Exercise
Set down each entry below exactly as written, keeping the pictures out.

Record excerpts
_ _ _ _
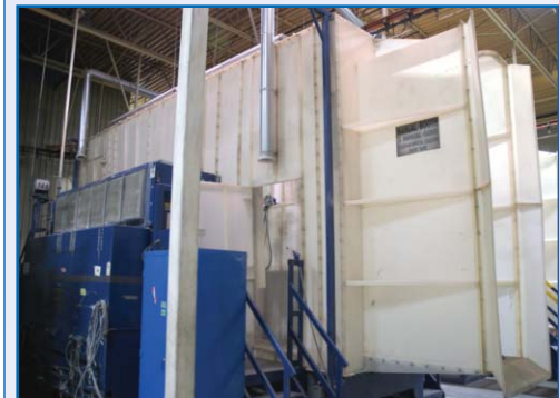
NORDSON 3 NOZZLE MANUAL PAINT BOOTH, MODEL N524
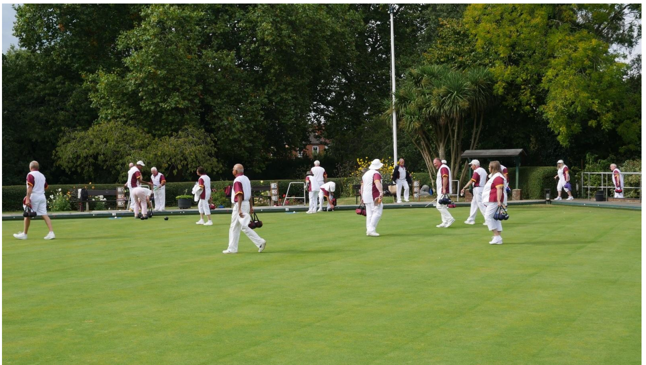
Teams sorting themselves out on the well prepared green.
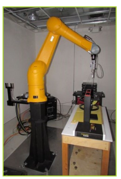
SPEAG (STAUBLI) TX90 XLSPEAG 6-AXIS ROBOT. DASY5, WITH SPEAG AMMI MEASUREMENT SERVER, CS8C CONTROLLER, PENDANT, COMPUTER, & AS-SORTED PROBES, YEAR 2012
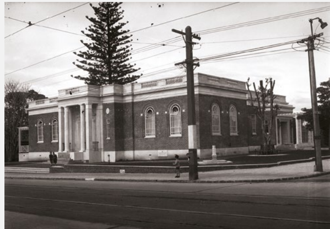
LOOKING ACROSS AT THE REMUERA PUBLIC LIBRARY C1926-9.

Although many fine early Remuera houses survive, many are being lost to redevelopment. Equally, some natural volcanic features, such as Maunga Rahiri (Little Rangitoto), have been largely quarried away.
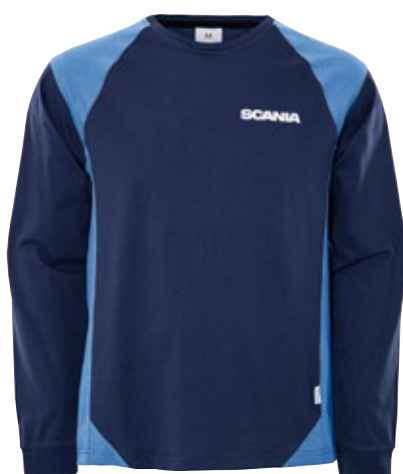
Article no 300294
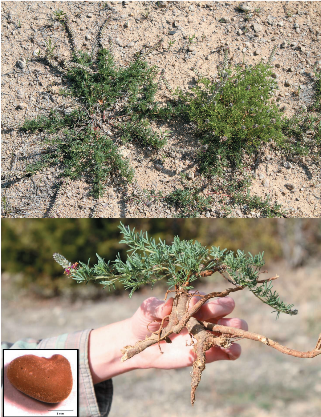
FIG. 2. Top – Dalea reverchonii plants showing prostrate habit of older plants (left) and more erect habit of younger growth (right). Photo taken 7 May 2011, New Highland Rd. site, Parker County. Bottom – Dalea reverchonii plant showing woody taproot and seeds (inset). Seeds have a hard coat and are 1.7 \times 2.7 mm. Photo taken 11 Nov 2011, Summit Ridge glade site, Parker County.
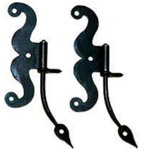
Moravian Rat Tail Hinges
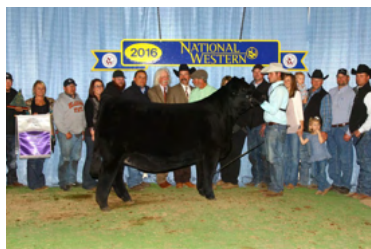
JS BLACK SATIN 9B "BOOTS" 2015-2016 TRIPLE CROWN WINNING PUREBRED SIMMENTAL HEIFER FULL SISTER TO DAM OF LOTS 23 & 24

BREED PB SIMMENTAL • ASA 4410691 • DOB 5/5/24 • OFFERED BY WEIS CATTLE
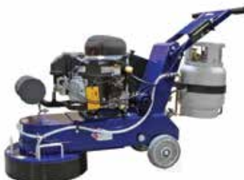
18" Propane Floor Grinder (TG-18)
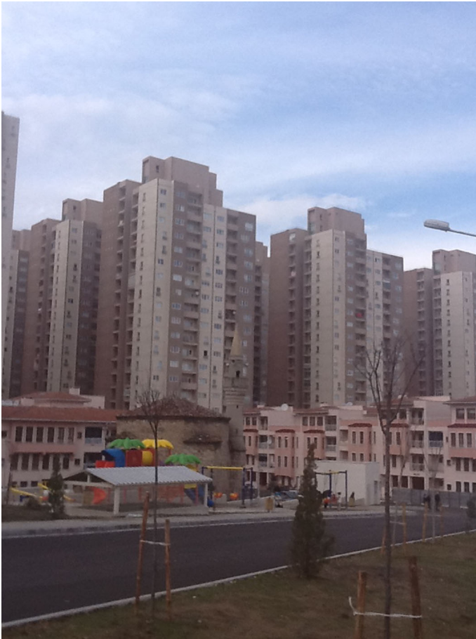
Fig. 5 Current view from the site

another after 2004. These changes aimed at the deregulation of the legal and institutional framework of urban planning and existing bureaucratic control mechanisms over development (Balaban 2012). The outcome was increased autonomy for developers in private sector as well as TOKI itself, which from then on acted as a profit-oriented actor (Özdemir 2011; Batuman 2013). Land-use plans were revised and/or renewed to encourage market-driven redevelopment. Here, urban design was deployed as an instrument to achieve piecemeal projects, to which the plans were later adapted. As we have pointed out above, the stages of the renewal process in Doğanbey reveal the role defined for urban design within TOKI's renewal mechanism. Here, it is reduced to the physical expression (massing) of the economic model and developed without any deliberation with other stakeholders. Contrary to its current practice in Turkey, we argue that urban design can and should serve as a key instrument to develop a holistic approach to the process of urban regeneration, which, rather than prioritizing profit, should be understood as a comprehensive action in the face of urban decline (Roberts and Sykes 2000).
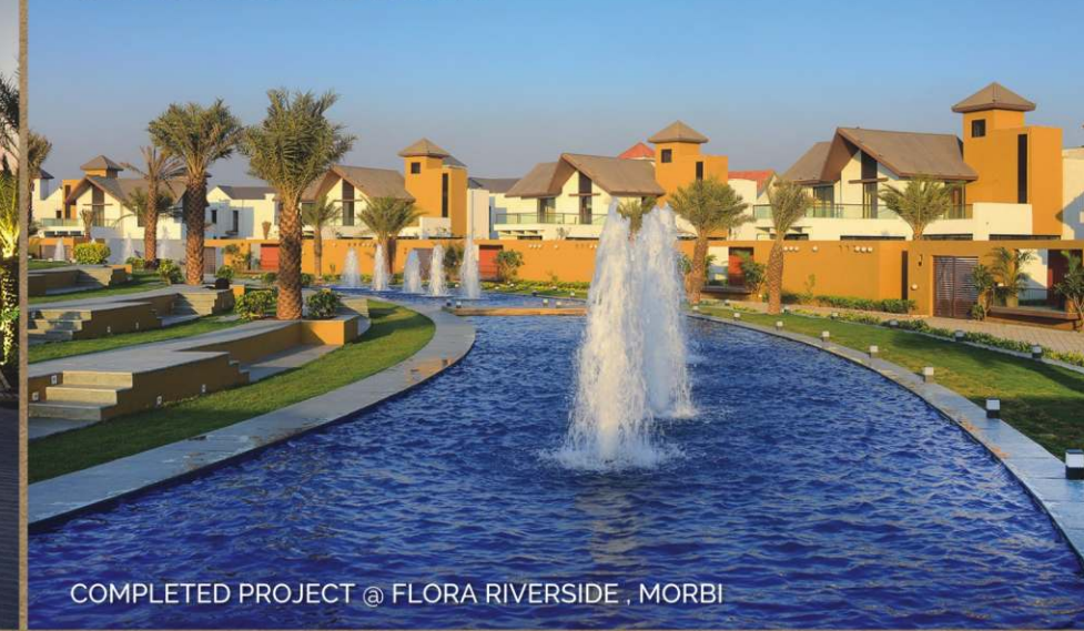
COMPLETED PROJECT @ FLORA RIVERSIDE , MORBI
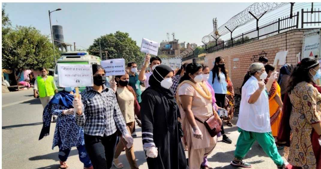
MPH Students participating in Clean India rally (Swachha Bharat Abhiyaan) in the urban slum of Sunder Nagri, East Delhi.
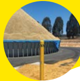
Spills (Diesel / Hydraulics)
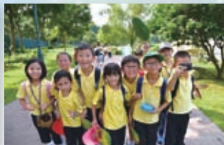
全方位學習日——樹木之旅
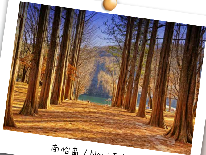
南怡岛 / Nami Island
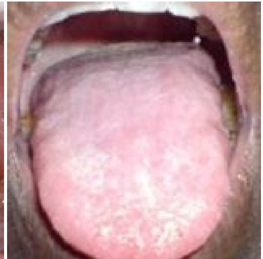
Figure 2 Mucosal Candidiasis
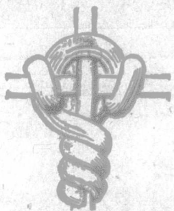
The FROST "hold-tight lock"

better than the ordinary wire fences because, in the first place, it is made from Canadian-made wire, specially tempered and galvanized in our own wire mills to suit our rigorous Canadian climate. Secondly, it is woven more slowly than other kinds of wire fence and on improved lines of construction, which result in having every horizontal exactly the same length and every upright perfectly straight and evenly spaced. Note also the Frost tight lock. No other wire lock has yet been produced which can equal it in neatness and security of holding.
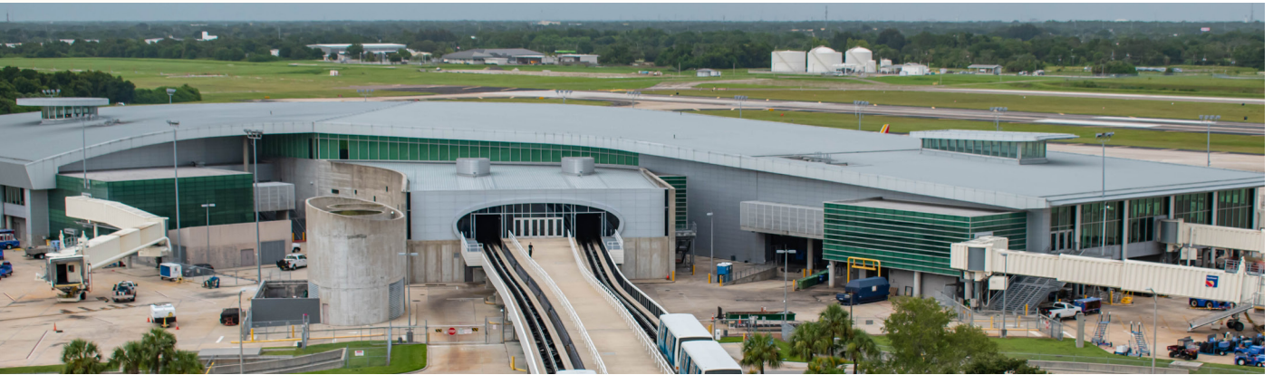
Tampa International Airport

Large venues are looking to augment indoor wireless installations with 5G mmWave services in crowded areas. Custom enclosures are necessary to meet aesthetics and safety criteria and ensure performance for multiple carriers. Raycap's fast design, engineering, and manufacturing cycles met aggressive contractor rollout schedules at Tampa Airport.
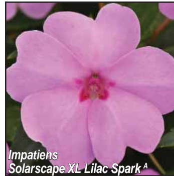
Impatiens Solarscape XL Lilac Spark A

Firebird is a determinate slicer tomato that produces extra-large, high-quality, globed-shaped 4.5-6.5 oz fruit. Matures in 75 days. (288, 51 Strip) WonderStar is a determinate early-maturing, bright red beefsteak tomato with excellent flavor producing 8-10 oz fruit. Matures in 60-65 days. (51 Strip) Zenzei is a very vigorous roma tomato plant that provides season-long harvesting. Indeterminate variety that produces 6-6.5 oz fruit. Matures in 70-80 days. (288, 51 Strip) Zenzei pictured on page 18.
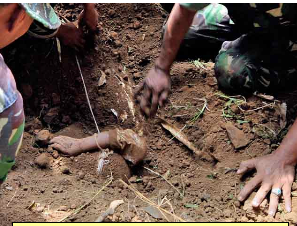
Victim of Landslide in Cianjur caused by the Earthquake Tasikmalaya, West Java
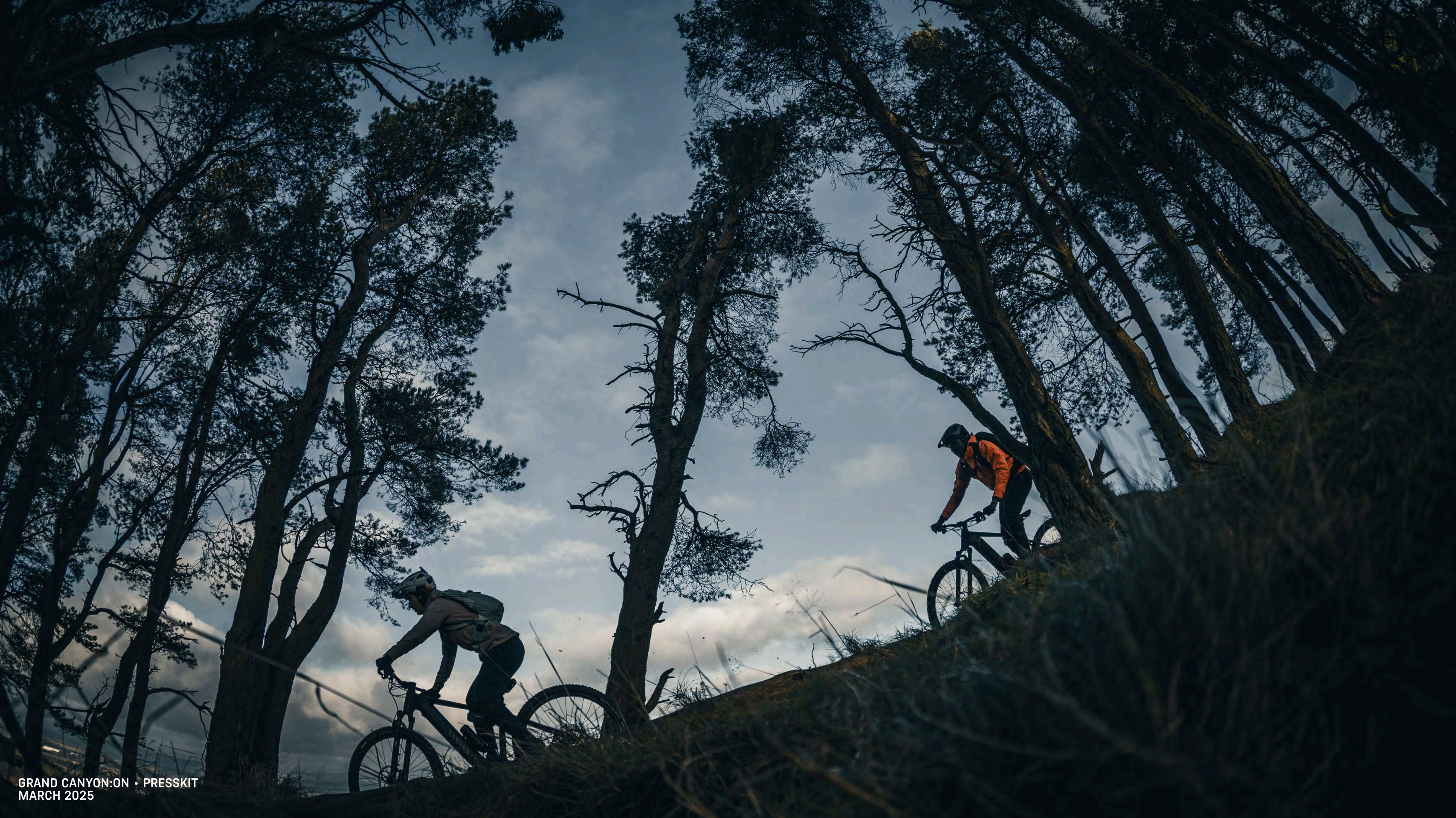
GRAND CANYON:ON • PRESSKIT MARCH 2025
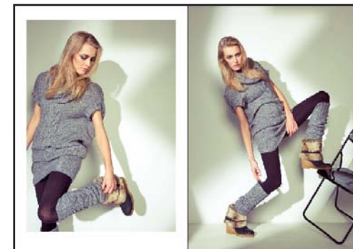
Strickpullover RAHEL AW1011-079 col.820 Leggings ANNETTA FS1011-059 col.900 Stulpen CALLA AW1011-102 col.820
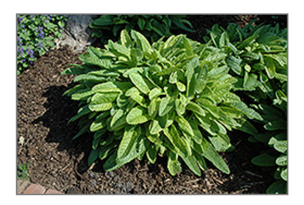
Hummelo Betony

This plant will require occasional maintenance and upkeep, and is best cleaned up in early spring before it resumes active growth for the season. It is a good choice for attracting bees to your yard, but is not particularly attractive to deer who tend to leave it alone in favor of tastier treats. Gardeners should be aware of the following characteristic(s) that may warrant special consideration;
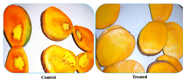
Figure 3. Representative photograph of mangoes with spongy tissue disorder.

After maturation of mangoes, the spongy tissues content were observed in fruit at ripe stage approximately 80% fruits were affected and at 16 anna maturity level about 60% fruits were affected with spongy tissue in control fruit. However, in biofield treated sample at 16 anna maturity stage the spongy tissue disorder was completely eradicated. The representative photomicrograph related to spongy tissues of control and in the treated mangoes are shown in Fig. 3.
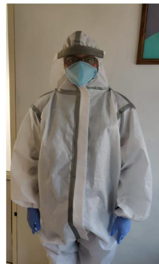
Seam Sealing Machine for Medical PPE Suit
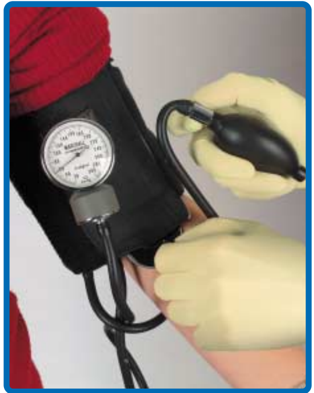
Sensatouch™ XTRA POWDER FREE LATEX

Powder Free Latex Textured Grip Class 1 Medical Device 5 mil Thickness 100 Gloves Per Dispenser 10 Dispensers Per Case Sizes: L, M, S, XL
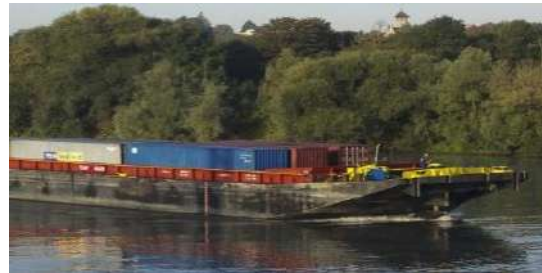
River transportation and inland terminal
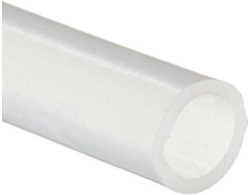
• Plain Type
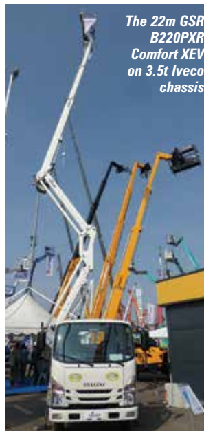
The 22m GSR B220PKR Comfort XEV on 3.5t Iveco chassis

The following photographic roundup mostly covers new or unusual exhibits. We simply do not have space for all exhibits, however a more comprehensive photographic overview can be found on Vertikal.net - https://vertikal.net/en/news/story/42519/gis-in-pictures . We will also be covering the new product launches in more depth in future issues of the magazine.
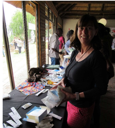
Conference and workshop participants sorted through boxes of donated uniforms and veterinary supplies generously provided PASA International's conservation partners.
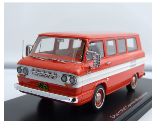
A greenbrier model by NEO.
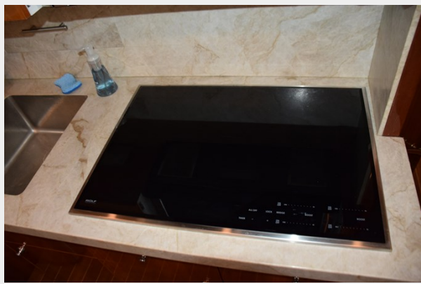
Wolf Induction Stovetop
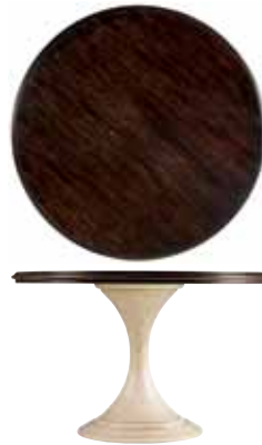
138-11-130 TOP, 138-21-230 BASE
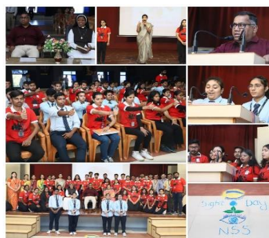
World Sight Day celebrated by NSS Committee in association with the by Morning Assembly Committee
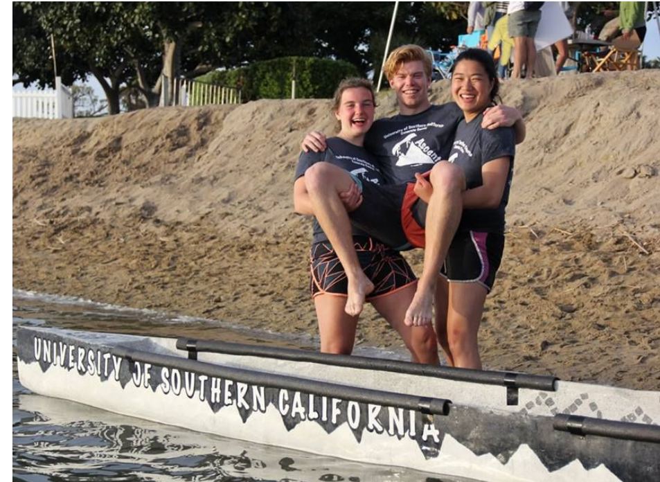
2016-2017 Concrete Canoe Captains
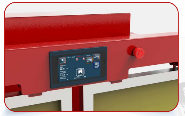
User-friendly touchscreen control panel
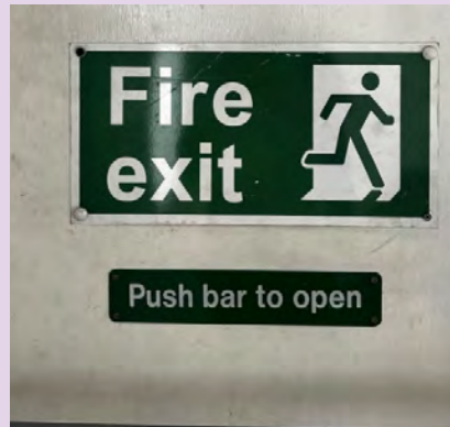
Fire Action Notice and Fire Exit Sign at Gordon Mansions.
_ _ _ _
Solution to the exercise
NORDSON 3 NOZZLE MANUAL PAINT BOOTH, MODEL N524
Teams sorting themselves out on the well prepared green.
SPEAG (STAUBLI) TX90 XLSPEAG 6-AXIS ROBOT. DASY5, WITH SPEAG AMMI MEASUREMENT SERVER, CS8C CONTROLLER, PENDANT, COMPUTER, & AS-SORTED PROBES, YEAR 2012
LOOKING ACROSS AT THE REMUERA PUBLIC LIBRARY C1926-9.

Although many fine early Remuera houses survive, many are being lost to redevelopment. Equally, some natural volcanic features, such as Maunga Rahiri (Little Rangitoto), have been largely quarried away.
Article no 300294
FIG. 2. Top – Dalea reverchonii plants showing prostrate habit of older plants (left) and more erect habit of younger growth (right). Photo taken 7 May 2011, New Highland Rd. site, Parker County. Bottom – Dalea reverchonii plant showing woody taproot and seeds (inset). Seeds have a hard coat and are 1.7 \times 2.7 mm. Photo taken 11 Nov 2011, Summit Ridge glade site, Parker County.
Moravian Rat Tail Hinges
JS BLACK SATIN 9B "BOOTS" 2015-2016 TRIPLE CROWN WINNING PUREBRED SIMMENTAL HEIFER FULL SISTER TO DAM OF LOTS 23 & 24

BREED PB SIMMENTAL • ASA 4410691 • DOB 5/5/24 • OFFERED BY WEIS CATTLE
18" Propane Floor Grinder (TG-18)
Fig. 5 Current view from the site

another after 2004. These changes aimed at the deregulation of the legal and institutional framework of urban planning and existing bureaucratic control mechanisms over development (Balaban 2012). The outcome was increased autonomy for developers in private sector as well as TOKI itself, which from then on acted as a profit-oriented actor (Özdemir 2011; Batuman 2013). Land-use plans were revised and/or renewed to encourage market-driven redevelopment. Here, urban design was deployed as an instrument to achieve piecemeal projects, to which the plans were later adapted. As we have pointed out above, the stages of the renewal process in Doğanbey reveal the role defined for urban design within TOKI's renewal mechanism. Here, it is reduced to the physical expression (massing) of the economic model and developed without any deliberation with other stakeholders. Contrary to its current practice in Turkey, we argue that urban design can and should serve as a key instrument to develop a holistic approach to the process of urban regeneration, which, rather than prioritizing profit, should be understood as a comprehensive action in the face of urban decline (Roberts and Sykes 2000).
COMPLETED PROJECT @ FLORA RIVERSIDE , MORBI
MPH Students participating in Clean India rally (Swachha Bharat Abhiyaan) in the urban slum of Sunder Nagri, East Delhi.
Spills (Diesel / Hydraulics)
全方位學習日——樹木之旅
南怡岛 / Nami Island
Figure 2 Mucosal Candidiasis
The FROST "hold-tight lock"

better than the ordinary wire fences because, in the first place, it is made from Canadian-made wire, specially tempered and galvanized in our own wire mills to suit our rigorous Canadian climate. Secondly, it is woven more slowly than other kinds of wire fence and on improved lines of construction, which result in having every horizontal exactly the same length and every upright perfectly straight and evenly spaced. Note also the Frost tight lock. No other wire lock has yet been produced which can equal it in neatness and security of holding.
Tampa International Airport

Large venues are looking to augment indoor wireless installations with 5G mmWave services in crowded areas. Custom enclosures are necessary to meet aesthetics and safety criteria and ensure performance for multiple carriers. Raycap's fast design, engineering, and manufacturing cycles met aggressive contractor rollout schedules at Tampa Airport.
Impatiens Solarscape XL Lilac Spark A

Firebird is a determinate slicer tomato that produces extra-large, high-quality, globed-shaped 4.5-6.5 oz fruit. Matures in 75 days. (288, 51 Strip) WonderStar is a determinate early-maturing, bright red beefsteak tomato with excellent flavor producing 8-10 oz fruit. Matures in 60-65 days. (51 Strip) Zenzei is a very vigorous roma tomato plant that provides season-long harvesting. Indeterminate variety that produces 6-6.5 oz fruit. Matures in 70-80 days. (288, 51 Strip) Zenzei pictured on page 18.
Victim of Landslide in Cianjur caused by the Earthquake Tasikmalaya, West Java
GRAND CANYON:ON • PRESSKIT MARCH 2025
Strickpullover RAHEL AW1011-079 col.820 Leggings ANNETTA FS1011-059 col.900 Stulpen CALLA AW1011-102 col.820
Hummelo Betony

This plant will require occasional maintenance and upkeep, and is best cleaned up in early spring before it resumes active growth for the season. It is a good choice for attracting bees to your yard, but is not particularly attractive to deer who tend to leave it alone in favor of tastier treats. Gardeners should be aware of the following characteristic(s) that may warrant special consideration;
Figure 3. Representative photograph of mangoes with spongy tissue disorder.

After maturation of mangoes, the spongy tissues content were observed in fruit at ripe stage approximately 80% fruits were affected and at 16 anna maturity level about 60% fruits were affected with spongy tissue in control fruit. However, in biofield treated sample at 16 anna maturity stage the spongy tissue disorder was completely eradicated. The representative photomicrograph related to spongy tissues of control and in the treated mangoes are shown in Fig. 3.
Seam Sealing Machine for Medical PPE Suit
Sensatouch™ XTRA POWDER FREE LATEX

Powder Free Latex Textured Grip Class 1 Medical Device 5 mil Thickness 100 Gloves Per Dispenser 10 Dispensers Per Case Sizes: L, M, S, XL
River transportation and inland terminal
• Plain Type
The 22m GSR B220PKR Comfort XEV on 3.5t Iveco chassis

The following photographic roundup mostly covers new or unusual exhibits. We simply do not have space for all exhibits, however a more comprehensive photographic overview can be found on Vertikal.net - https://vertikal.net/en/news/story/42519/gis-in-pictures . We will also be covering the new product launches in more depth in future issues of the magazine.
Conference and workshop participants sorted through boxes of donated uniforms and veterinary supplies generously provided PASA International's conservation partners.
A greenbrier model by NEO.
Wolf Induction Stovetop
138-11-130 TOP, 138-21-230 BASE
World Sight Day celebrated by NSS Committee in association with the by Morning Assembly Committee
2016-2017 Concrete Canoe Captains
User-friendly touchscreen control panel
Fire Action Notice and Fire Exit Sign at Gordon Mansions.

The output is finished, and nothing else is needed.